Son of Philip Stanhope, 3rd Earl of Chesterfield and Lady Elizabeth Savile. Born 22 September 1694. Educated at Trinity Hall, Cambridge, till the age of nineteen, in 1715 he became M.P. for St. Germans. Taking his seat before he was of age, he narrowly escaped a fine of £500. In 1715 he became Lord of the Bedchamber to the Prince of Wales and continued in this position when the Prince became King George II. In 1722 he became M.P. for Lostwithiel until, in 1723, he lost his seat on accepting office.
From 1728 until 1732 as Ambassador in The Hague, he distinguished himself by the magnificence of his entertainments. On 18 June 1730 he was installed as a Knight of The Garter. From 1730 till 1733 he was Lord Steward of the Household. From this time onwards he was a steady opponent of Walpole's ministry and, as a result, was excluded from office till 1744.
His dismissal from Court in 1733 was said not to have been his opposing Walpole but of having offended the Queen by paying court to Lady Suffolk, the King's mistress. Also in 1733 he married Melusina de Schulenberg, Countess of Walsingham, illegitimate daughter of King George I. He was about thirty-nine and she forty and no children were born from this union.

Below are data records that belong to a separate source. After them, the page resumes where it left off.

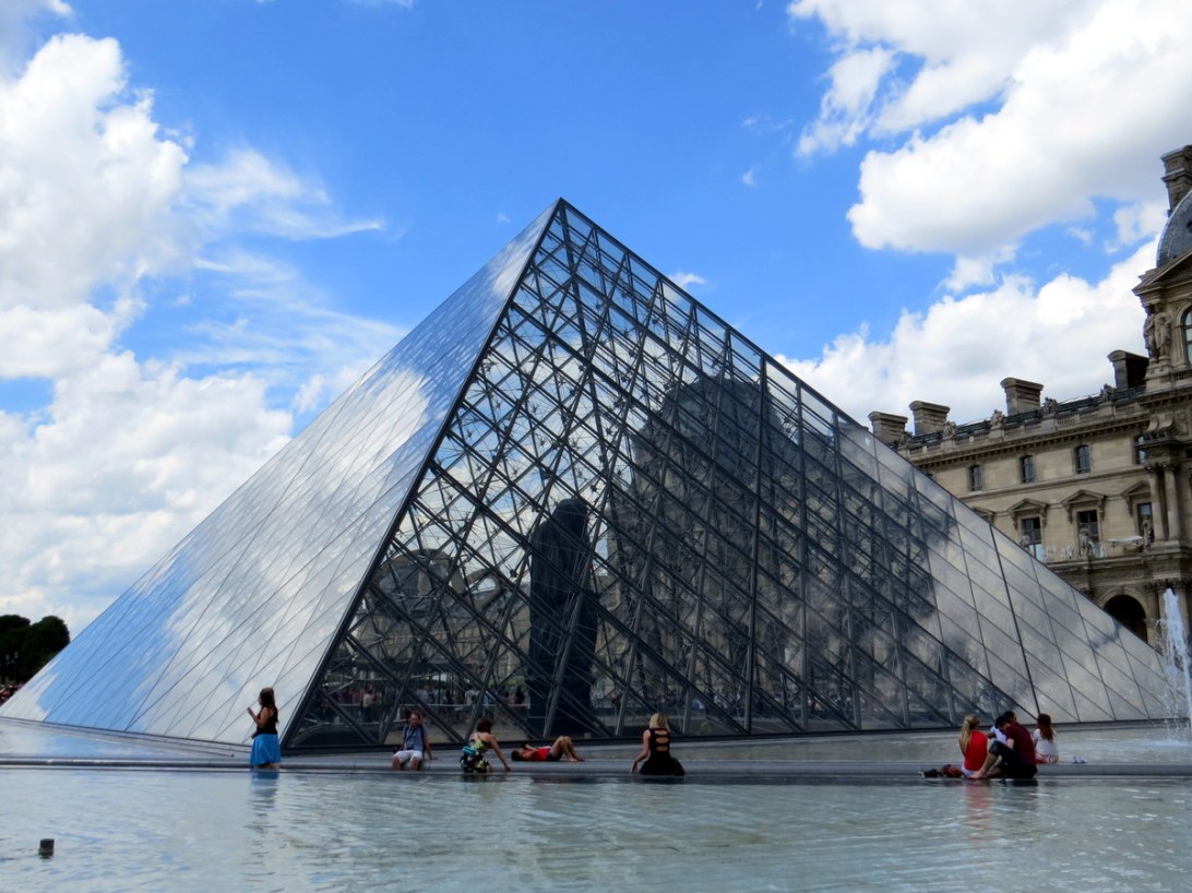 La pyramide conçue par I.M. Pei, qui avait aussi conçu la spirale du musée d’histoire allemande à Berlin. / The pyramid designed by I.M. Pei, who also did the spiral at the German History Museum in Berlin.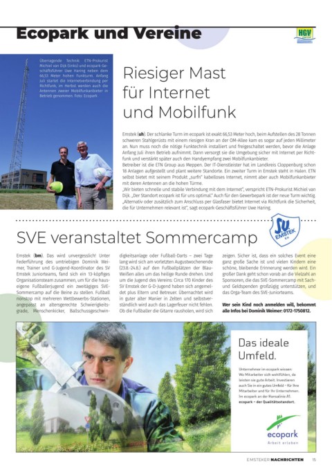 Dijk. „Der Standort ecopark ist für uns optimal.“ Auch für den Gewerbepark ist der neue Turm wichtig.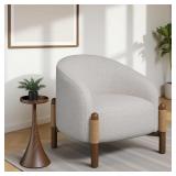 Armen living Stormy Accent Chair in Butter Cream Fabric with Chestnut Brown Finish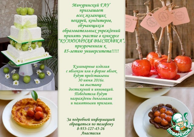В условиях конкурса указано обязательное использование яблока в выпечке, т.к. яблоко - это символ Мичуринска, а университет аграрный. И вот я выбрала два рецепта на Поваренке, готовила их и раньше :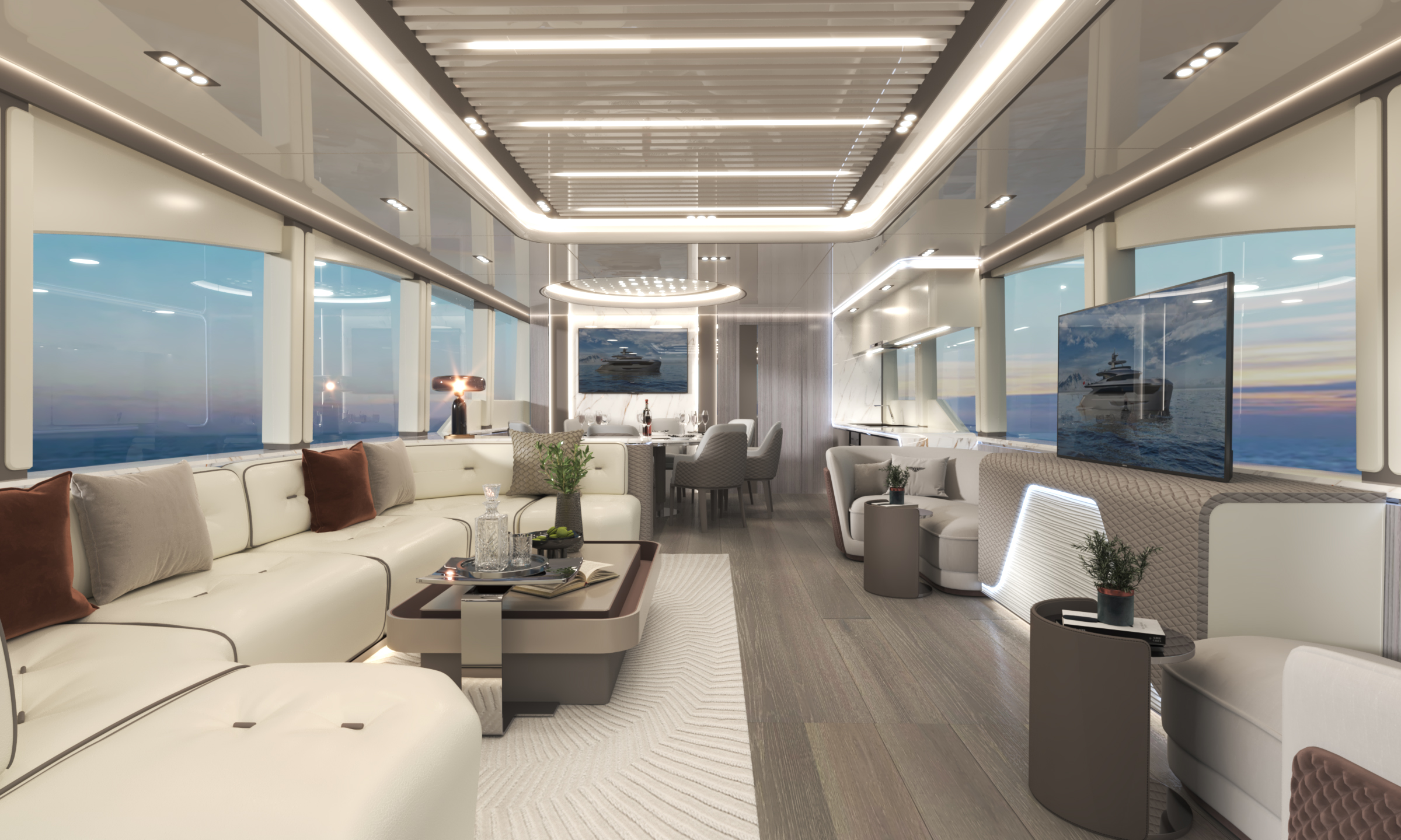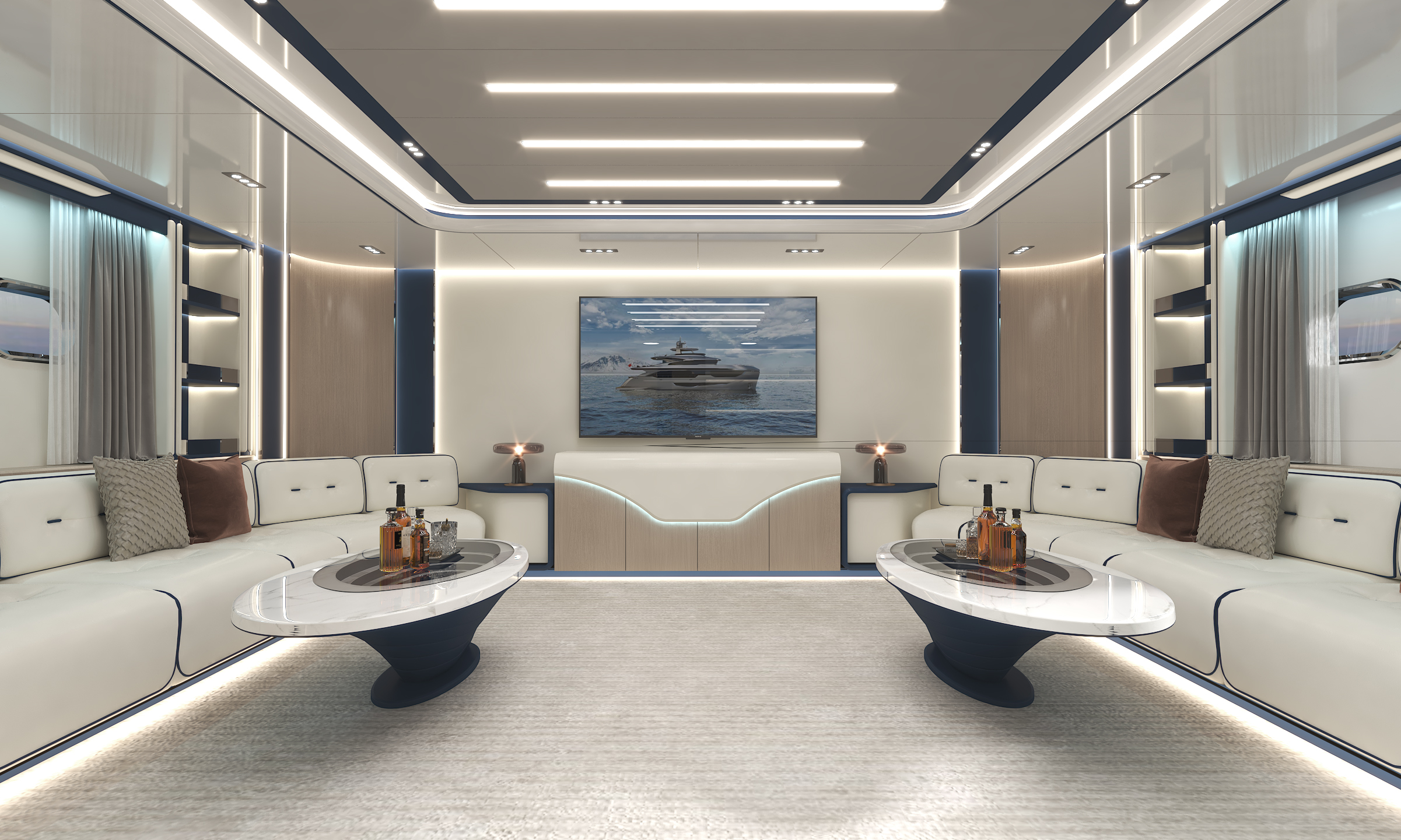 定制化的豪華商務(wù)沙龍廳,奢華與舒適的氛圍彌漫每一寸空間。細(xì)膩的皮革沙發(fā)、精致的木質(zhì)裝飾板以及柔和的燈光相互映襯,營造出溫馨而高雅的環(huán)境。巨大的窗戶將窗外的海景盡收眼底,藍(lán)色的海洋一望無際,海浪輕輕拍打著游艇,讓人在商務(wù)交流之余,也能盡情享受大自然的美妙。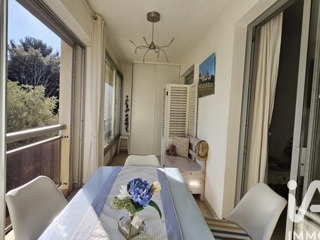 Cet appartement de type 2 propose une chambre, une salle de bain, un WC séparé, une cuisine équipée, un séjour de 15m² ouvrant sur une loggia aménagée en salle à manger.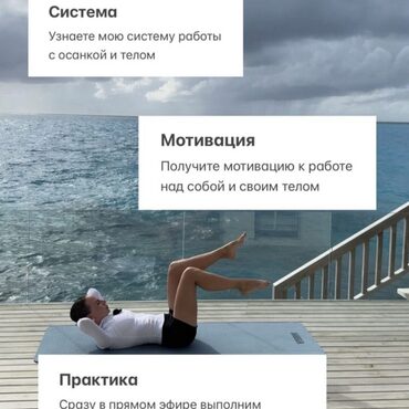 ЧТО БУДЕТ НА КУРСЕ 10 Коротких зарядок на все тело 30 Минут — среднее время одного комплекса 5 Занятий в неделю 20 Основных комплексов и тренировок Все комплексы сняты в красивых локациях на Мальдивах. ЧТО ВХОДИТ В ТАРИФ С КУРАТОРОМ: 20 комплексов и тренировок 4 недели 9 коротких-зарядок (+ бонус

From January 1744 till October 1746 he was Lord Lieutenant of Ireland, then from October 1746 till February 1748 Secretary of State (North). He is the well-known author of the "Chesterfield's Letters" which were written to his illegitimate son. Dr. Johnson remarked that they "inculcated the morals of a Strumpet and the manners of a Dancing-master," and of the Earl himself that he was "a Wit among Lords and a Lord among Wits". In his seventy-ninth year he died "of a slow decay" at Chesterfield House on 24 March 1773. As he had no son, he was succeeded by a nephew as Earl of Chesterfield.